West Rim Trail, Zion National Park
But the traveler has not yet reached the gates of Zion, although distant views continue to appear and disappear. The Virgin River is now near at hand on the right, a swift, moody, meandering stream whose red waters are the creators of the fertile farms along its banks and sometimes their destroyers. The foreground landscape is red, although the broad, sloping buttresses of the mesas, folded, fluted and flounced ad infinitum, display buffs, yellows, grays, browns and purples.

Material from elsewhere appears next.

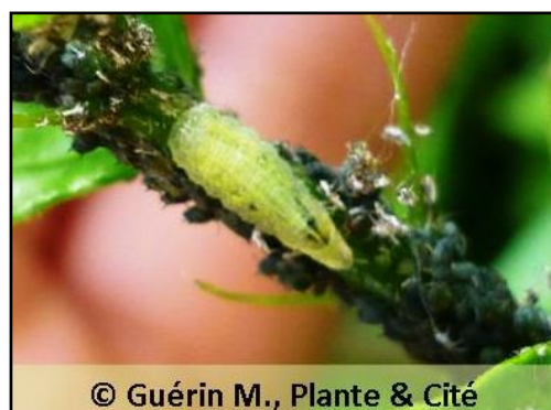
Figure 8 : Asticot de syrphes sur une colonie de pucerons

Le choix du lieu de ponte fait appel à d'autres critères puisqu'ils cherchent alors un lieu où de la nourriture sera disponible pour leur descendance, soit une plante infestée de pucerons. Ainsi, les plantes attirant les adultes qui cherchent à se nourrir ne seront pas forcément choisis par ceux-ci pour y pondre. La présence d'adultes sur une plante ne garantit donc pas la présence de larves auxiliaires sur ce même site . Le syrph ne déposera ces œufs sur une plante que si elle peut proposer une quantité de pucerons suffisante pour nourrir ses larves.

Sentinel Peak, Zion National Park
Near Virgin City there is a view northeastward of sensational Guardian Angel Pass. Across Great West Canyon, apparently, stands an immense dam of rock cleft by a rectangular aperture as regular as if cut by engineers; surmounting the barrier are two towering white cones, the ghostly guardians of the gap. Another fascinating feature of the panorama is the complex convergence of the battlemented mesa promontories from all directions except the south; these carved and tinted headlands actually seem to advance upon the beholder. In the east are the pinnacled spires of the Eagle Crags, shattered to dagger sharpness.
Rockville, another village beside the Virgin, was founded by Mormon pioneers in 1861, and was long an important telegraph station. There is a petrified forest in the vicinity.
About five miles beyond, the two profound chasms, the Mukuntuweap (Zion) and the Parunuweap, converge; and the two sublime domes, the East and West Temples, with their incredible crests of crimson bleeding down their pale precipices, soar above the rushing waters. Springdale, the last Mormon hamlet, is passed; then the Ranger Station at the southern boundary of Zion National Park.